Gran Cochisse

Personal information
- Born: Juan José Barrón Medina September 22, 1952 (age 73) Teocuitatlán de Corona, Jalisco, Mexico

Professional wrestling career
- Ring name(s): Espectro de Ultratumba Gran Cochisse
- Billed height: 1.71 m (5 ft 7+1⁄2 in)
- Billed weight: 90 kg (198 lb)
- Trained by: Diablo Velazco
- Debut: October 2, 1966
- Retired: December 18, 2022

= Gran Cochisse =

Mexican professional wrestler

Juan José Barrón Medina (born September 22, 1952) is a retired Mexican professional wrestler, under the ring name Gran Cochisse. Barrón is currently working as one of the head trainers at the Gimnasio del Diablo Velazco wrestling school in Guadalajara, Jalisco, Mexico. The school is one of the wrestling schools for Consejo Mundial de Lucha Libre (CMLL). While wrestling he used the ring character Gran Cochisse, a Native American character that incorporated traditional Native American imagery including the feathered headdresses and facepaint. He was nicknamed El Indio Bravo ("The brave Indian") and is named after the Apache chief Cochise.

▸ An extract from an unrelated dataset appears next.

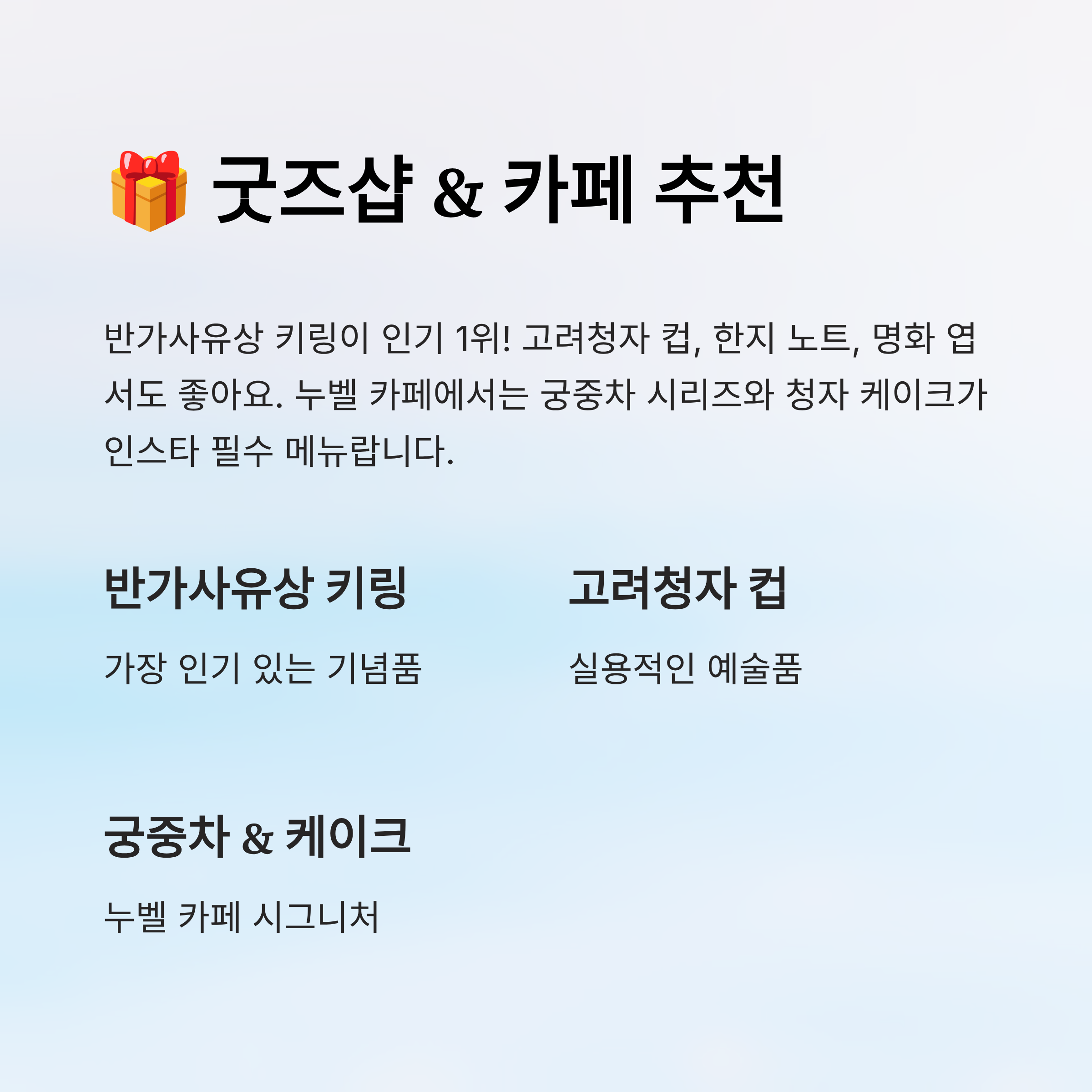 가장 인기 있는 굿즈는 단연 ‘반가사유상 키링’이에요. 작지만 섬세하게 조각된 미니어처가 소장욕구를 불러일으키고, 가격도 부담 없어 선물용으로도 좋아요. 그 외에도 고려청자 컵, 한지 노트, 역사적 명화 엽서 등도 인기가 많아요.

Early in his career he often teamed with Águila India (Indian Eagle) to form a successful tag team. During his wrestling career Barrón held the UWA World Junior Heavyweight Championship one time and the NWA World Middleweight Championship three times.

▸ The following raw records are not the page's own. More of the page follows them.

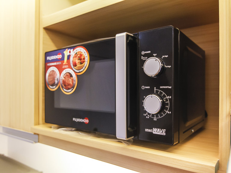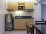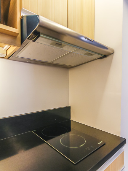 - Kitchen equipped with refrigerator, microwave and induction cooktop with hood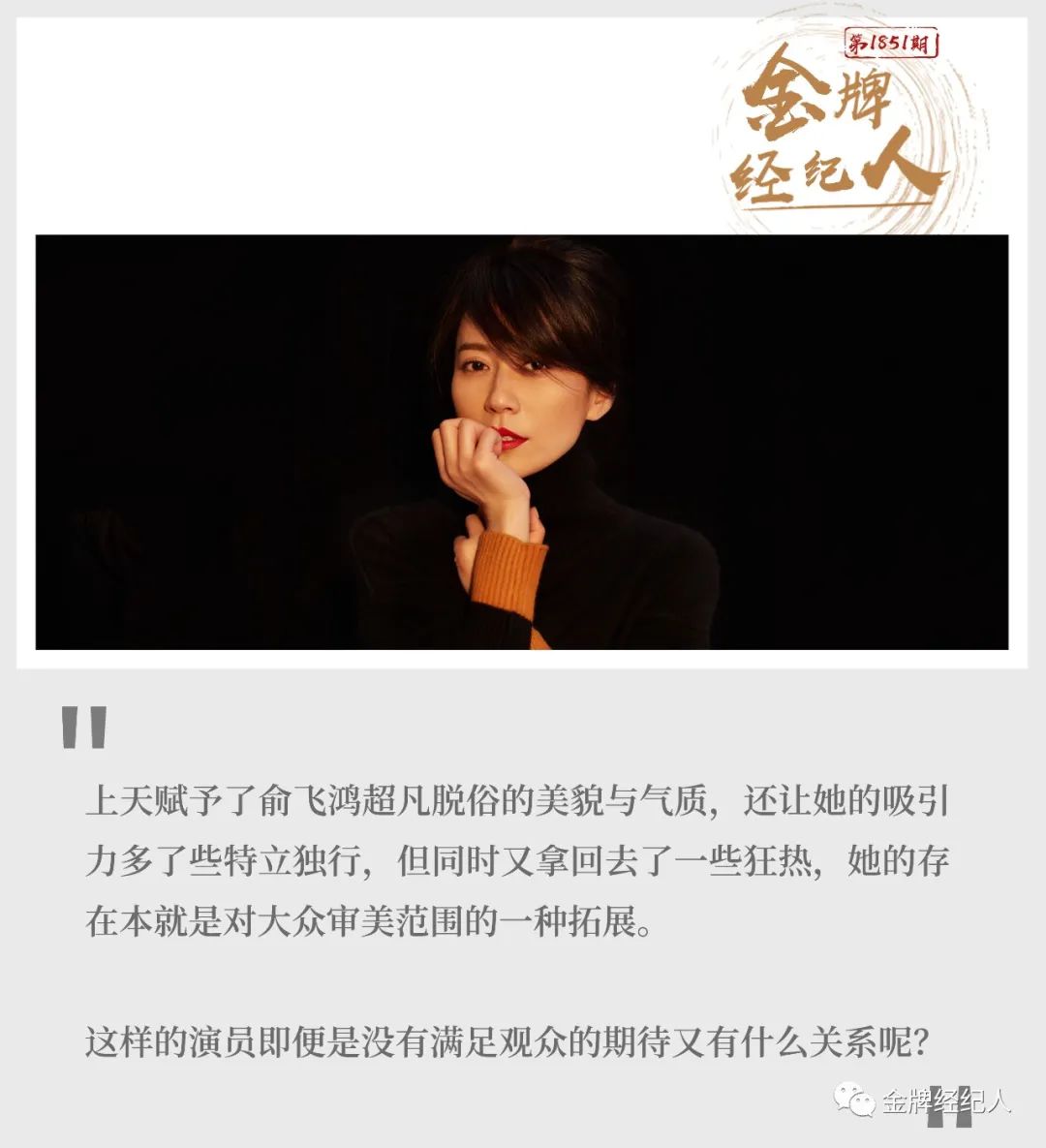 这样的评价俞飞鸿不可能不知道,外界认为的“烂片”或是不值得接的剧本可能在她看来根本不是这么回事,她好像从来没有被外部环境裹挟过。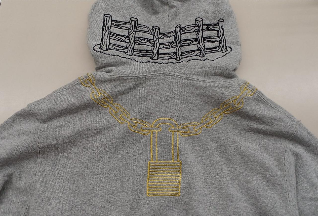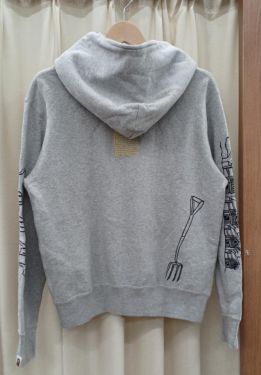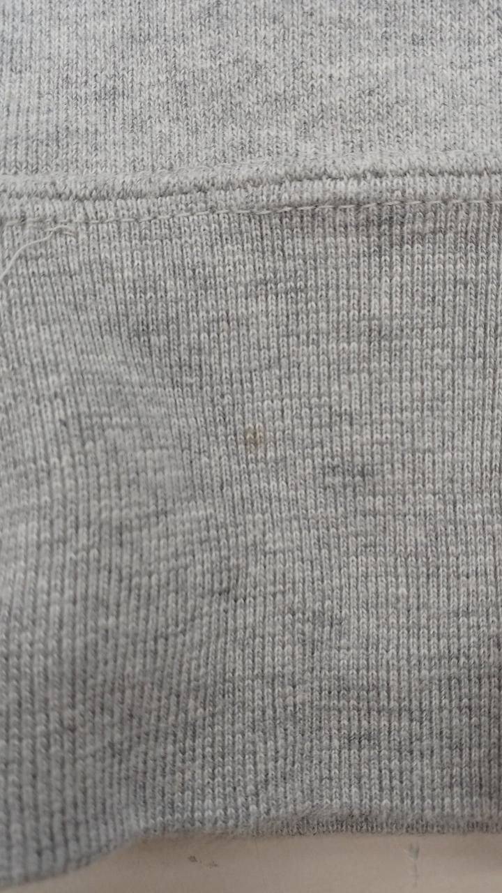 通常の使用感はあります。特別目立つわけではありませんが、右ポケット部分と左袖部分に薄いシミがあります。 |
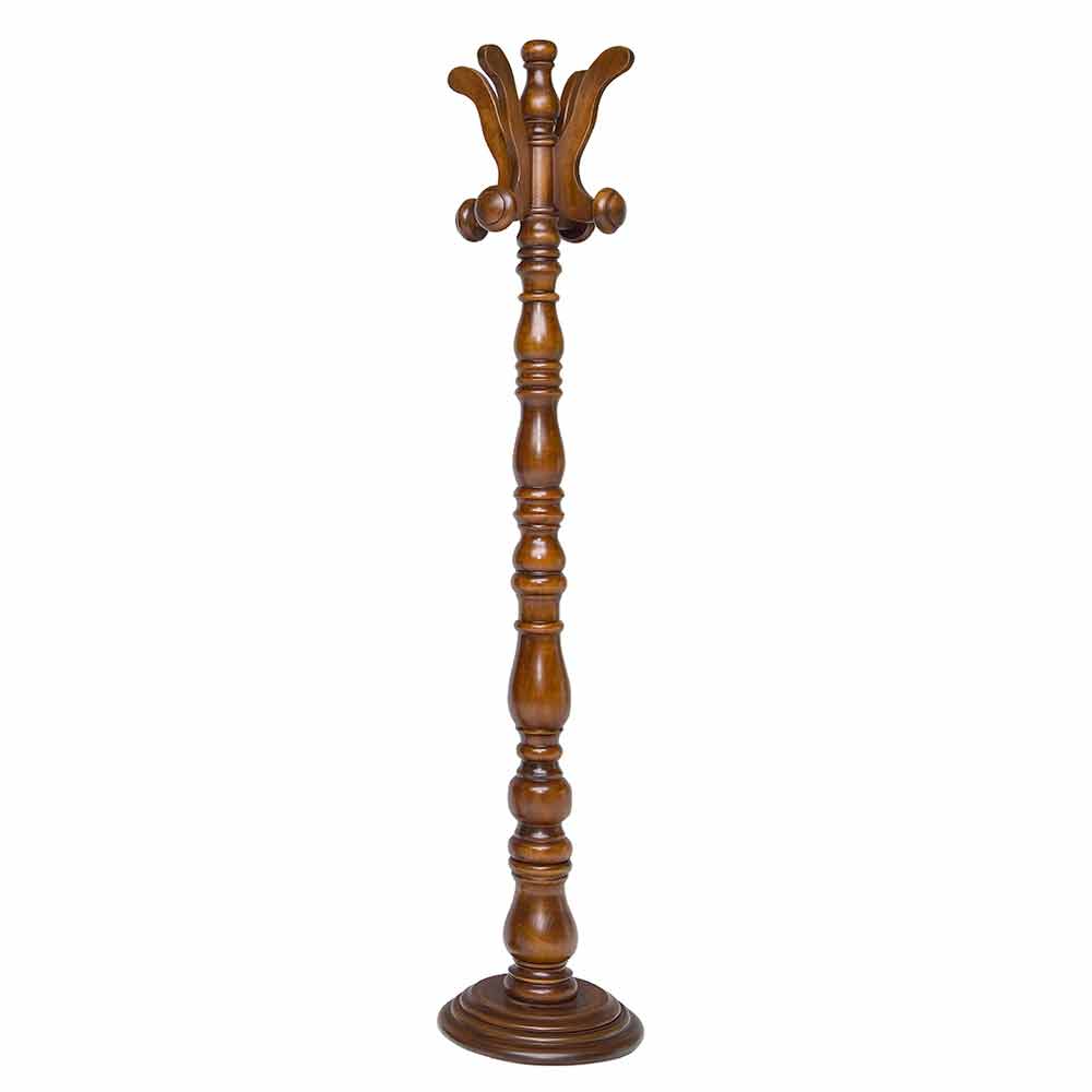 Klädstativ i bokträ med rund MDF-botten med enkla och slingrande linjer som lämpar sig för eleganta och raffinerade miljöer.

==Professional wrestling career==
Juan Barrón made his professional wrestling debut on October 2, 1966, at only 14 years of age, after training under Mexico's most renowned wrestling trainer Diablo Velazco. Barrón adopted a Native American character while wrestling called "Gran Cochisse" ("The Great Cochise") named after the Apache chief Cochise. Gran Cochisse wore the traditional feathered headdresses, facepaint and often carried a tomahawk with him to the ring to support the character. Gran Cochisse formed a regular tag team with Aguila India ("Indian Eagle"), to form a very popular and successful tag team. Together the team held the Occidente (western) Tag Team Championship at least once.

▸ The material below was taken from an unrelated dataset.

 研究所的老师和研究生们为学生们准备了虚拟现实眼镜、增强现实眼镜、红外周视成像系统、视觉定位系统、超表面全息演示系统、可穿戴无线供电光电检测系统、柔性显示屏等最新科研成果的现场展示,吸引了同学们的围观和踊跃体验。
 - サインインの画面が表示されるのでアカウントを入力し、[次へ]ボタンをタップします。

It was not until 1984, a full 18 years after his debut that Gran Cochisse won his first major singles title when he defeated El Satánico on AUgust 18, 1984 to win the NWA World Middleweight Championship. His first reign with the title only lasted 27 days, as he lost it to Satánico on September 14 that same year as part of a long running feud between the two. Cochisse regained the title from Satánico only a few weeks later on September 30, 1984, and held it until November 18, 1984, before losing it to Gran Hamada Gran Cochisse's third and final run with the NWA World Middleweight Championship began on May 18, 1986, when he defeated Chamaco Valaguez to win the title and lasted 152 days, longer than his previous two reigns combined, until he was pinned by Kung Fu on October 17, 1986, and lost the belt. In the latter years of the 1980s Gran Cochisse began working for the Universal Wrestling Association (UWA) where he became the UWA World Junior Light Heavyweight Champion on September 16, 1988, by defeating Blue Panther. His run with the UWA title lasted for 225 days in total, until April 29, 1989, when he was beaten by Ringo Mendoza. In the early part of the 1990s Barrón worked as an enmascarado, or masked, character called Espectro de Ultratumba ("The Ghost from beyond the grave") but by then it was obvious that his career as an active wrestler was winding down. In the late 1990s Gran Cochisse greatly reduced his schedule and began working full-time training wrestlers.

==Wrestlers trained==
Gran Cochisse is one of the trainers for CMLL's wrestling school in Guadalajara, Jalisco, Mexico and thus has been involved in training a lot of the wrestlers CMLL currently employs as well as students who have gone on to work for other promotions around the world. The following is a list of some of the wrestlers Gran Cochisse has trained.

- Acertijo
- Perro Aguayo, Jr.
- Ángel de Oro
- Ángel de Plata
- Azazel
- Casanova
- Drago
- El Gallo
- Frail de la Muerte
- Guero Loco
- Hierro
- Horus
- Idolo
- Katana
- Leon Blanco
- Malefico
- Máscara Dorada
- Metatron
- Meteoro
- Nube Roja
- Palacio Negro
- Pequeño Black Warrior
- Pierroth, Jr.
- Relampago Azul
- Saturno
- Silueta
- Thunder Boy
- Ultimo Dragoncito
- Valentine Mayo
- Virgo

==Personal life==
Barrón is married to retired professional wrestler La Magnífica and together they have at least four children. One their daughter wrestles as the current version of La Magnífica while another daughter wrestles under the name Super Estrella. Their son wrestles as Saturno who is under a CMLL contract. He is the father-in-law of CMLL wrestler El Sagrado who is married to one of Barrón's daughters that is not involved in professional wrestling.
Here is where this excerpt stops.